Oh my goodness!! I LOVE YOUR PICTURES!!! You are so creative! I can't get over the 2nd picture. I swear, you could market it. Love it, love it!!


----------



## LarryT (May 12, 2009)

Cute pics  
Your boy is so smart  none of mine can spell their names yet :lol:


----------



## Sela (Apr 10, 2010)

I like the second picture best. Look at his little face, he's so cute.

"Must...not...blink!"


----------



## tie-dye hedgie (Dec 19, 2009)

What great pictures, looks like you had a nice day outside! Thanks for sharing! 



LarryT said:


> Cute pics
> Your boy is so smart  none of mine can spell their names yet :lol:


Larry, that was funny! :lol:


----------



## Hedgieonboard (Nov 15, 2009)

Gorgeous pics


----------



## starby (Apr 25, 2010)

I recently attended my nephew's John Deere themed 2nd birthday party!
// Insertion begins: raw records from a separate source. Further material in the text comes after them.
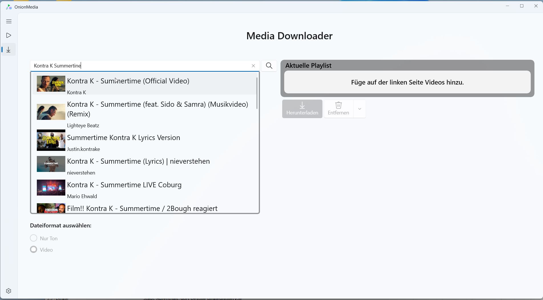 Sie können die Videos über das Suchfenster finden, indem Sie dort Künstler, Themen oder Songs eingeben. Die Suche greift auf YouTube zu und zeigt die gefundenen Inhalte in einer Vorschau an. Sie können aber auch von fast allen bekannten Videoplattformen, auch von sozialen Netzwerken wie Facebook oder TikTok oder Instagram, eine URL in das Suchfenster kopieren und so diese Videos lokal als Datei speichern.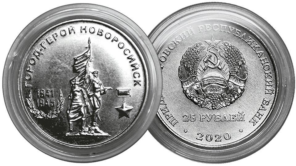 Монета 25 рублей Приднестровья Город-герой Новороссийск.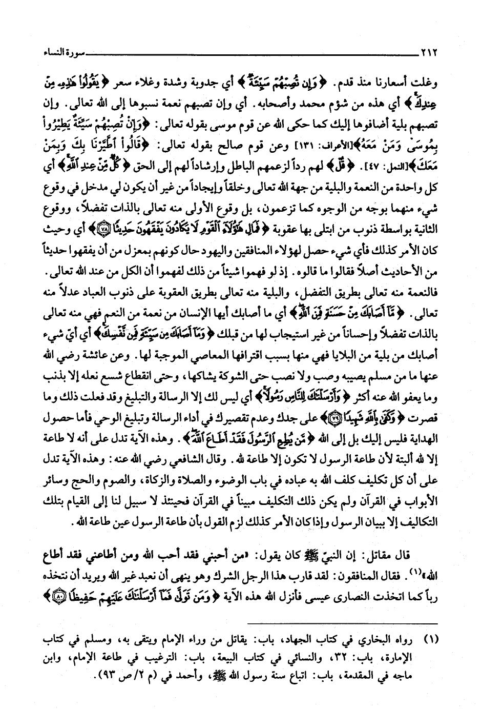 فالنعمة منه تعالى بطريق التفضل، والبلية منه تعالى بطريق العقوبة على ذنوب العباد عدلا منه تعالى. ما أَصابَكَ مِنْ حَسَنَةٍ فَمِنَ اللَّهِ أي ما أصابك أيها الإنسان من نعمة من النعم فهي منه تعالى بالذات تفضلا وإحسانا من غير استيجاب لها من قبلك وَما أَصابَكَ مِنْ سَيِّئَةٍ فَمِنْ نَفْسِكَ أي أيّ شيء أصابك من بلية من البلايا فهي منها بسبب اقترافها المعاصي الموجبة لها. وعن عائشة رضي الله عنها ما من مسلم يصيبه وصب ولا نصب حتى الشوكة يشاكها، وحتى انقطاع شسع نعله إلا بذنب وما يعفو الله عنه أكثر وَأَرْسَلْناكَ لِلنَّاسِ رَسُولًا أي ليس لك إلا الرسالة والتبليغ وقد فعلت ذلك وما قصرت وَكَفى بِاللَّهِ شَهِيداً (79) على جدك وعدم تقصيرك في أداء الرسالة وتبليغ الوحي فأما حصول الهداية فليس إليك بل إلى الله مَنْ يُطِعِ الرَّسُولَ فَقَدْ أَطاعَ اللَّهَ. وهذه الآية تدل على أنه لا طاعة إلّا لله ألبتة لأن طاعة الرسول لا تكون إلا طاعة لله. وقال الشافعي رضي الله عنه: وهذه الآية تدل على أن كل تكليف كلف الله به عباده في باب الوضوء والصلاة والزكاة، والصوم والحج وسائر الأبواب في القرآن ولم يكن ذلك التكليف مبينا في القرآن فحينئذ لا سبيل لنا إلى القيام بتلك التكاليف إلا ببيان الرسول وإذا كان الأمر كذلك لزم القول بأن طاعة الرسول عين طاعة الله.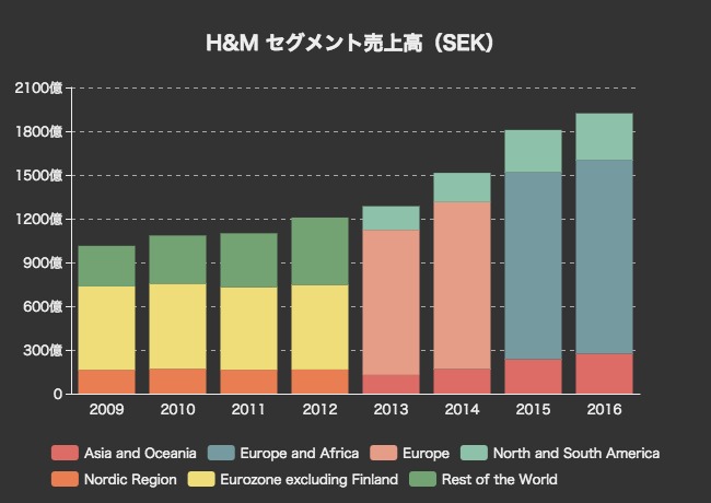 それでは、H&Mの事業数値を見ていきましょう。まずは全体業績の推移です。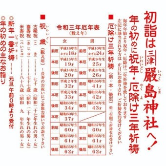 早いもので今年もあと9日となり来年の厄年についての問い合わせも増えてきました。 問い合わせが増えてきました「厄除け三年祈祷」について説明を致します。本厄に該当する方は男性が25、42、61歳女性が19、33、37、61歳の方です。厄年の方... -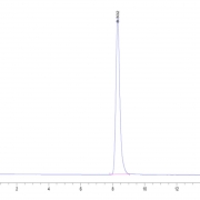 The protein has a predicted MW of 82.09 kDa. Due to glycosylation, the protein migrates to 90-110 kDa based on Tris-Bis PAGE result.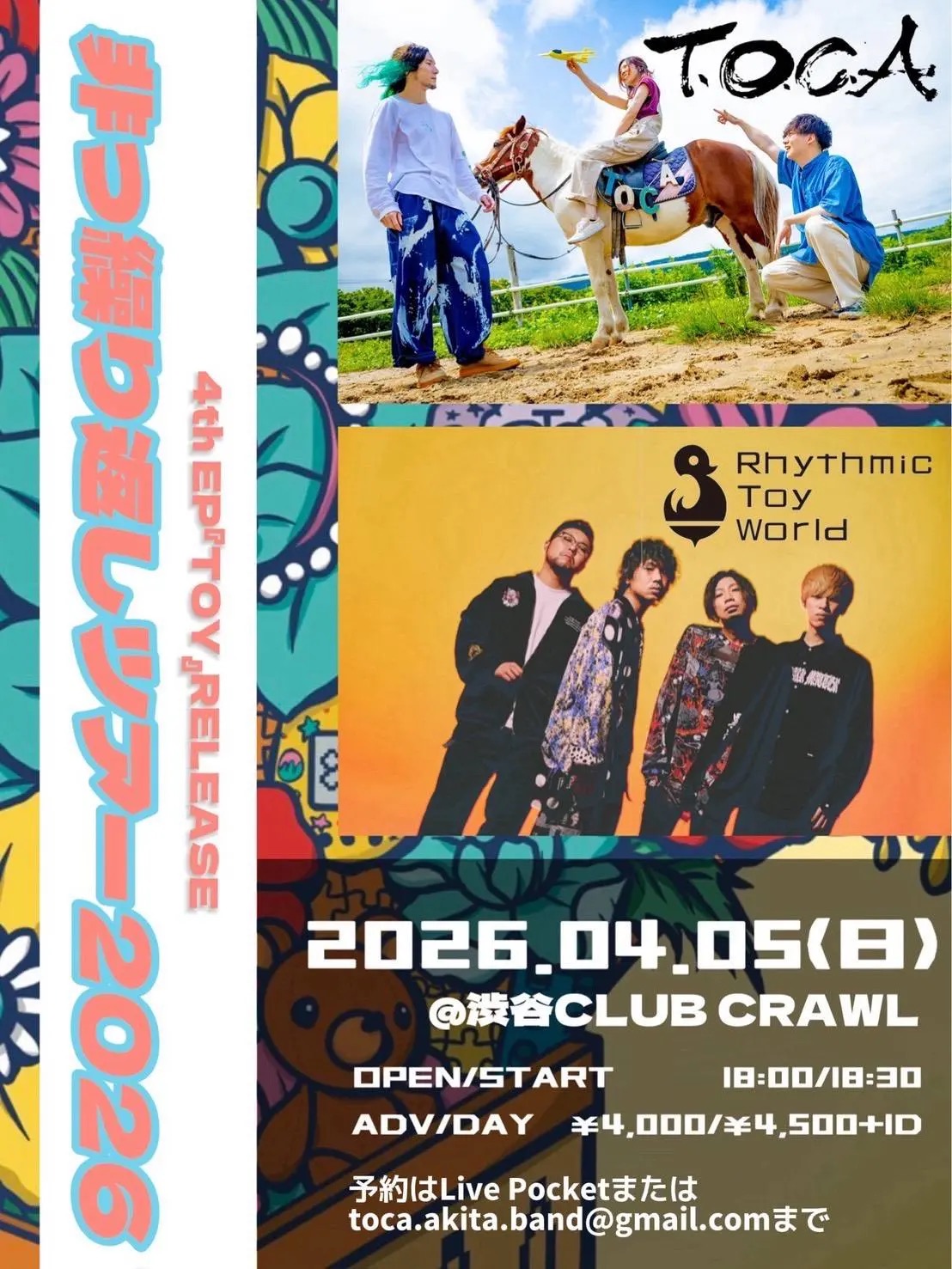 2026.04.5 T.O.C.A 4th EP「TOY」RELEASE 非っ繰り返しツアー2026 live 2026.4.5SUN OPEN 18:00 / START 18:30 T.O.C.A 4th EP「TOY」RELEASE 非っ繰り返しツアー2026 T.O.C.A/Rhythmic Toy World Drink ¥600 / 1 orderプレイガイドhttps://livepocket.jp/e/s8v01 ※会場付近たむろ禁止 ※再入場禁止 ※飲食物持ち込み厳禁 Post navigation ← 最後の夏休みpresents『After Music Live』 闇雲×憑依中毒-シャーマンホリック- 2MAN LIVE『狂同戦線』 →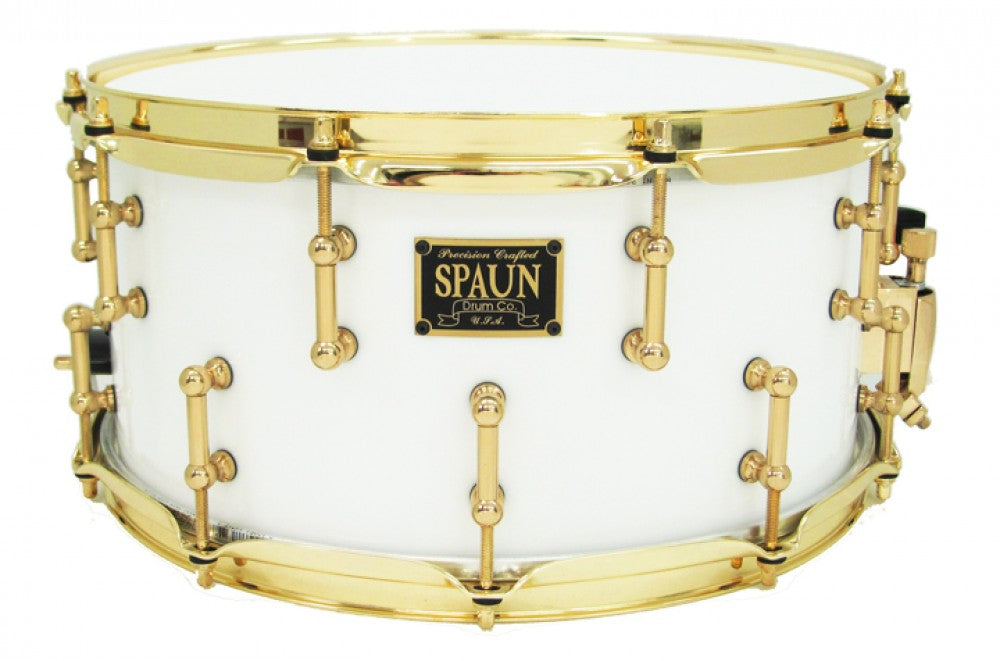 Features our 100% Acrylic Shell, Off Set VTL Vintage Tube Lugs, Double 45 Degree Bearing Edges, and Hyper-Sensitive Snare Bed. White Acrylic with Brass Hardware.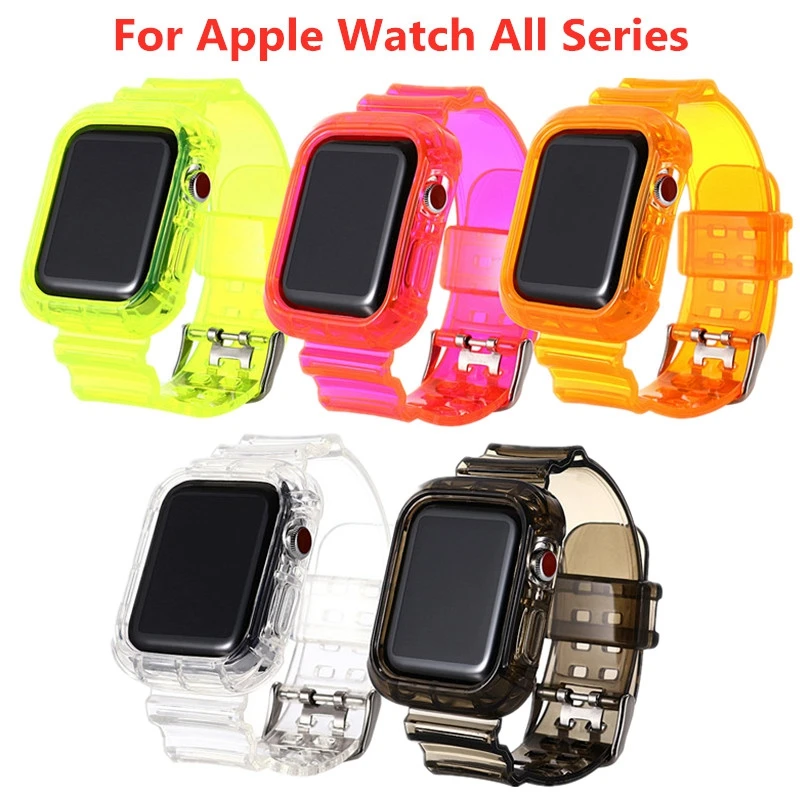 Прозрачный флуоресцентный цветной ремешок для Apple Watch 75432, спортивный Воздухопроницаемый браслет из ТПУ для iWatch 38404244 мм, ремешок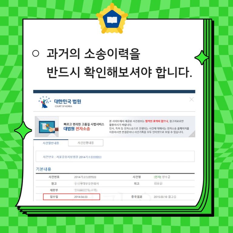 과거의 소송이 조회되었다면, 두 가지를 잘 확인해보셔야 합니다.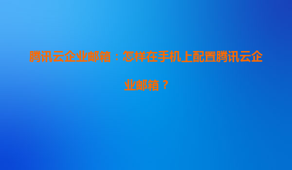 腾讯云企业邮箱:手机端配置指南与企业高效办公的得力助手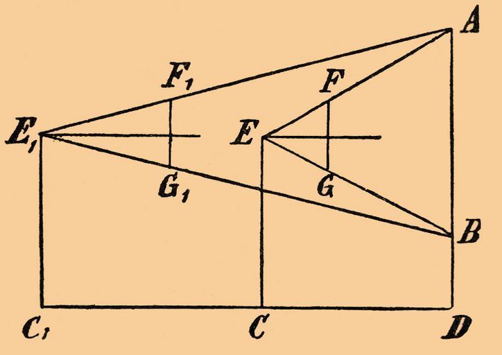 | Keywords: Brockhaus-Efron Jacobstab 2.jpg ru Иллюст ация к статье Якобштаб из энциклопедии Б окгауза и Еф она Пусть высота изме яемого п едмета AB есть х; а длина меньшего сте жня; С пе вое положение наблюдателя когда меньший сте жень находился на n-ом делении большего; С1 вто ое положение наблюдателя когда меньший сте жень находился на n + 1-ом делении большего; b асстояние между обоими положениями; наконец у асстояние CD пе вого положения наблюдателя от п едмета Тогда на основании подобия т еугольников АЕВ и FEG AE1B и F1E1G1 можно написать соответственно п опо ции х а у па и х а у + b п + 1 a из кото ых следует что у пх и у + b n + 1 х а следовательно b х Для обеспечения необходимой п и ассмот енном изме ении го изонтальности большого сте жня Я к нижнему концу его меньшего сте жня п ивешивалась тяжесть Иоанн Региомонтан п иложил «Посох Якова» к аст ономическим изме ениям http //dic academic ru/dic nsf/brokgauz_efron/147056 ~ 1905 Б окгауз и Еф он PD-Brockhaus Efron Measurement Jacob's staff |

I decided to make a special Wimbley card for him! This is the result! :lol: 









This is just another pose I tried out... Wimbley is such a trooper! haha


----------



## CoxMD (Apr 30, 2010)

A caption for your second photo:

"I do." 

He looks so serious!


----------



## PJM (May 7, 2010)

I love it! I don't know how you kept the hat on! We TRIED to take a family portrait with our hats on & Cholla-booger wouldn't sit still! Had to hold the hat above his head, then he pooped on me, then he crawled up my dress, then he turned around. Wimbley may not look like he's loving it (I always love his expression of disapproval), but at least he cooperates. And very creative, as always. Keep them coming, because I'm going to steal all your ideas. :lol:


----------